ABOUT THIS EXERCISE -
As you print the data below, keep every line exactly as it is and leave the images behind.

━━━ DATASET ━━━

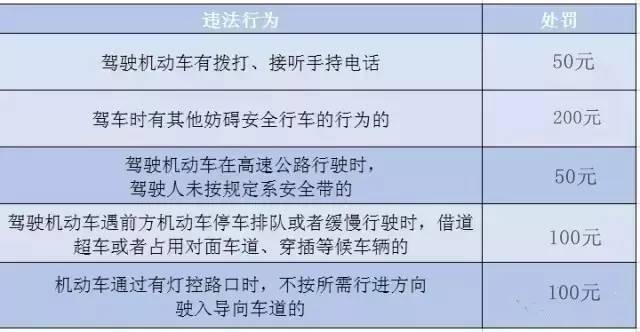 三、开车打手机(罚50元、记2分);开车不系安全带(罚50元,高速路或城市快速路还要记2分)
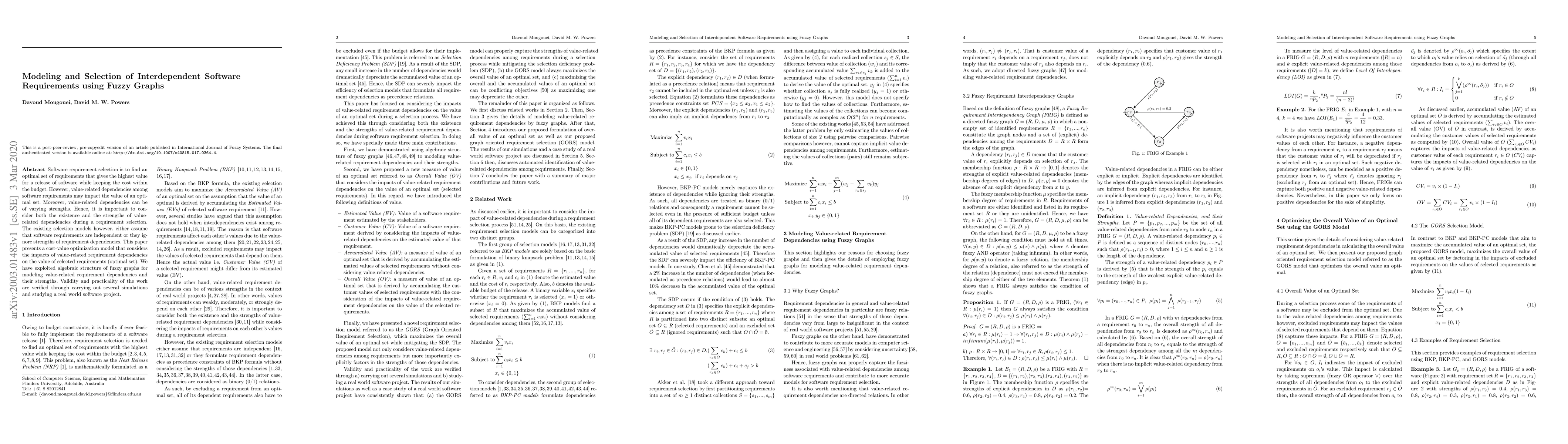 This paper presents a cost-value optimization model using fuzzy graphs to select interdependent software requirements, considering both the existence and strengths of value-related dependencies. The model's validity and practicality are demonstrated through simulations and a real-world software project study.
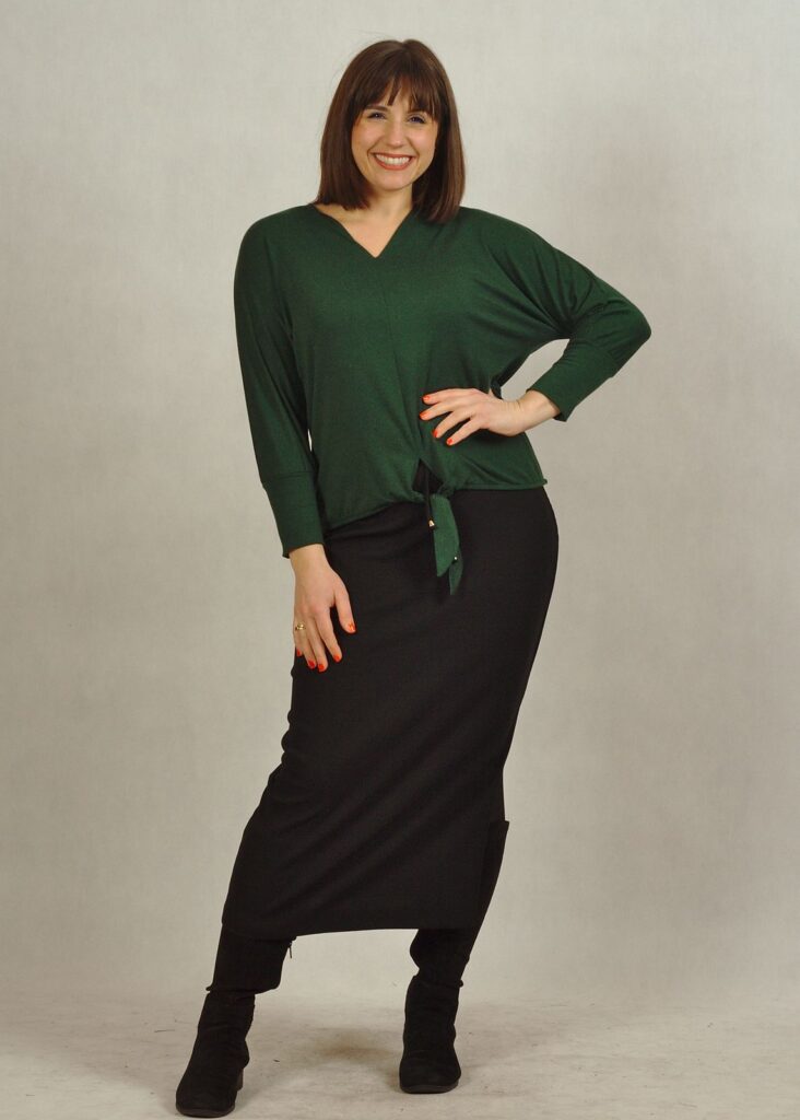 Po lewej stronie bardzo kobiecy rozporek (o długości 33cm), ułatwia użytkowanie na co dzień.
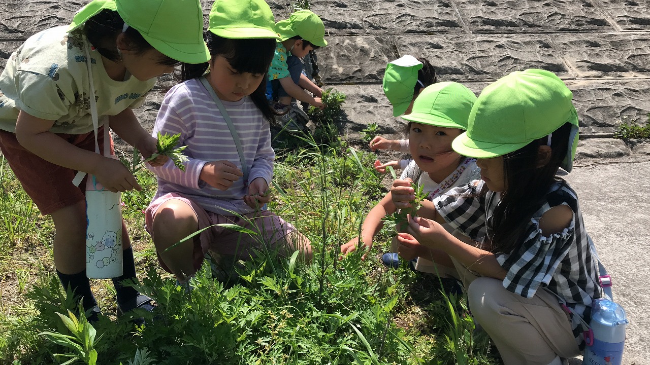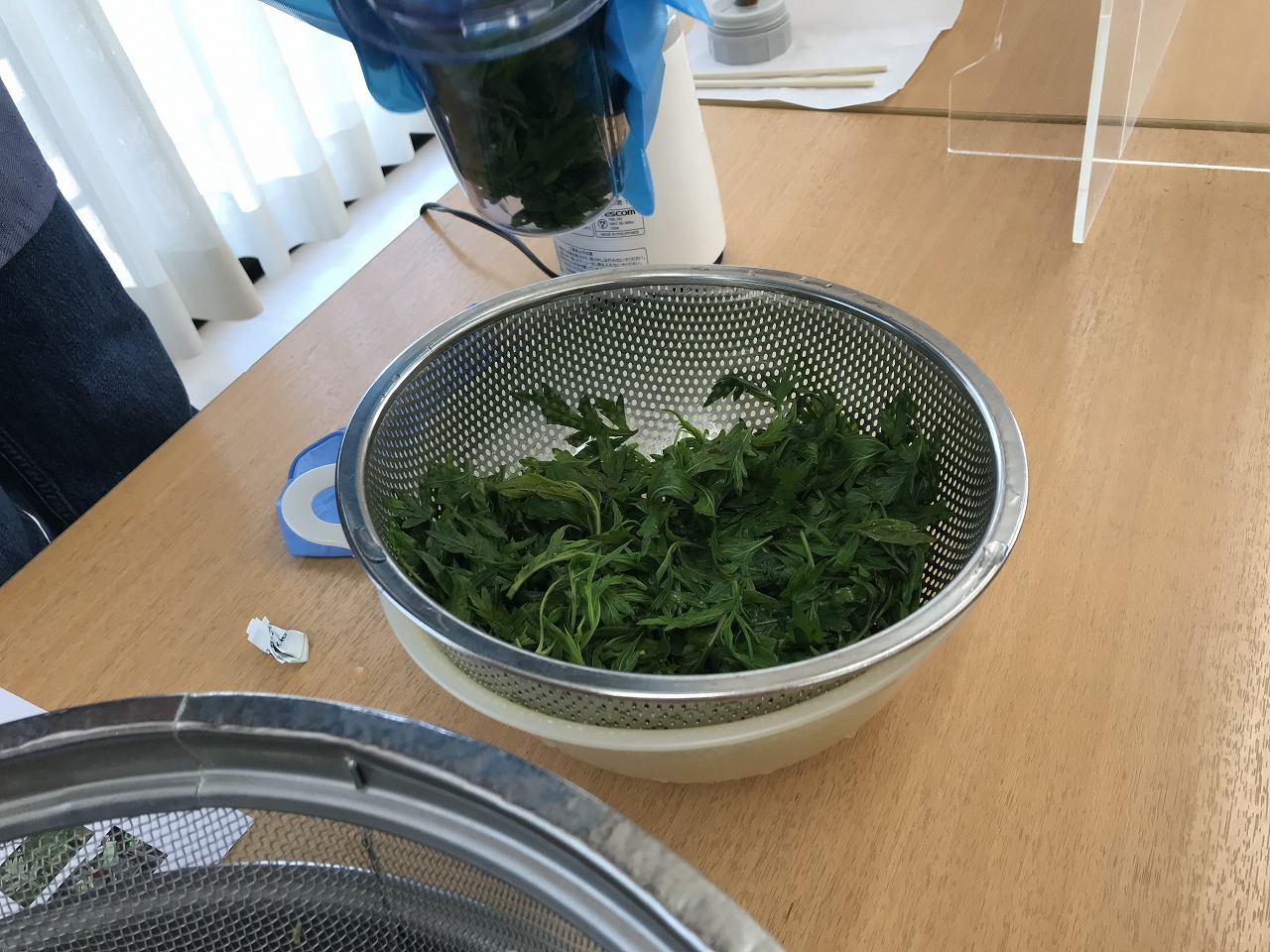 よもぎは事前にもも組(5歳児)が収穫し実際に茹でる工程まで行いました。よもぎの色の変化を実際に見ることでクッキングを行う楽しさがわいてきたようで、今日のクッキングを楽しみにしていました。
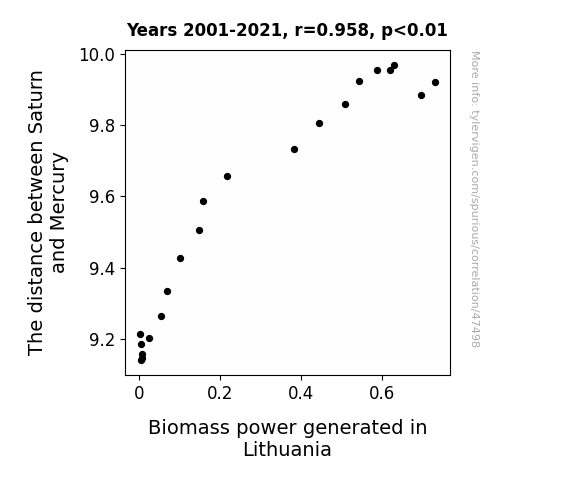 This means 91.8% of the change in the one variable (i.e., Biomass power generated in Lithuania) is predictable based on the change in the other (i.e., The distance between Saturn and Mercury) over the 21 years from 2001 through 2021.

━━━

TASK RESULT -
 三、开车打手机(罚50元、记2分);开车不系安全带(罚50元,高速路或城市快速路还要记2分)
 This paper presents a cost-value optimization model using fuzzy graphs to select interdependent software requirements, considering both the existence and strengths of value-related dependencies. The model's validity and practicality are demonstrated through simulations and a real-world software project study.
 Po lewej stronie bardzo kobiecy rozporek (o długości 33cm), ułatwia użytkowanie na co dzień.
 よもぎは事前にもも組(5歳児)が収穫し実際に茹でる工程まで行いました。よもぎの色の変化を実際に見ることでクッキングを行う楽しさがわいてきたようで、今日のクッキングを楽しみにしていました。
 This means 91.8% of the change in the one variable (i.e., Biomass power generated in Lithuania) is predictable based on the change in the other (i.e., The distance between Saturn and Mercury) over the 21 years from 2001 through 2021.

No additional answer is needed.